Inclino la cabeza, cierro los ojos y empiezo a orar: Querido Señor, vengo a ti como tu hija. Reconozco tu poder y bondad… De repente, abro los ojos, recordando que mi hijo no terminó la tarea de historia que debe entregar mañana. Como a la tarde tiene un partido de básquet, lo imagino despierto hasta medianoche para completar el proyecto. Entonces, ¡me preocupo porque la fatiga puede ponerlo en riesgo de contraer una gripe!
En su libro Cartas del diablo a su sobrino, C. S. Lewis escribió sobre las distracciones durante la oración, y señaló que, cuando nuestra mente divaga, tendemos a poner fuerza de voluntad para retomar la plegaria original. No obstante, concluye diciendo que es mejor aceptar que la distracción en sí es el verdadero problema, y que debemos presentarla ante Dios y convertirla en nuestro principal tema de oración.

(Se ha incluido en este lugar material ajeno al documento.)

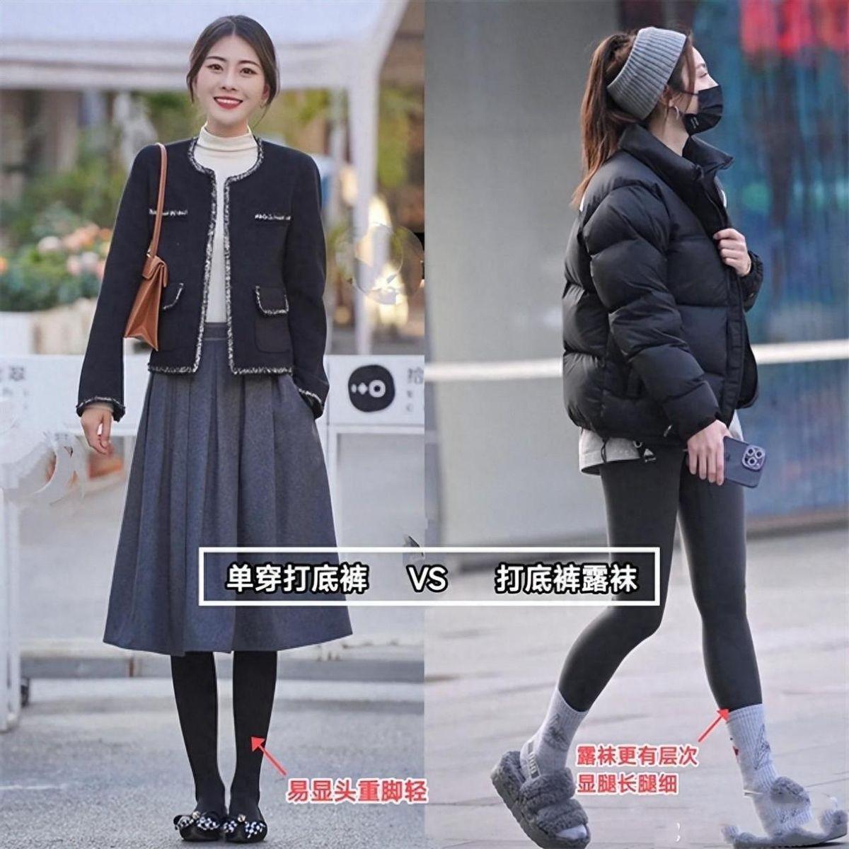 建議大家在搭配打底褲的時候千萬不要直接單穿,否則很容易顯得頭重腳輕,想要讓造型看上去更有層次感,並且穿出顯腿長的效果,可以通過打底褲露襪的穿法。

Una preocupación constante o algún pensamiento pecaminoso que interrumpe nuestras oraciones pueden convertirse en el centro de la conversación con Dios. Él quiere que seamos sinceros y que le contemos nuestros temores, ansiedades y luchas más profundas. Nada lo sorprenderá. Se interesa tal como un amigo íntimo. Por eso, Pedro nos incentiva: «echando toda vuestra ansiedad sobre él, porque él tiene cuidado de vosotros» (1 Pedro 5:7).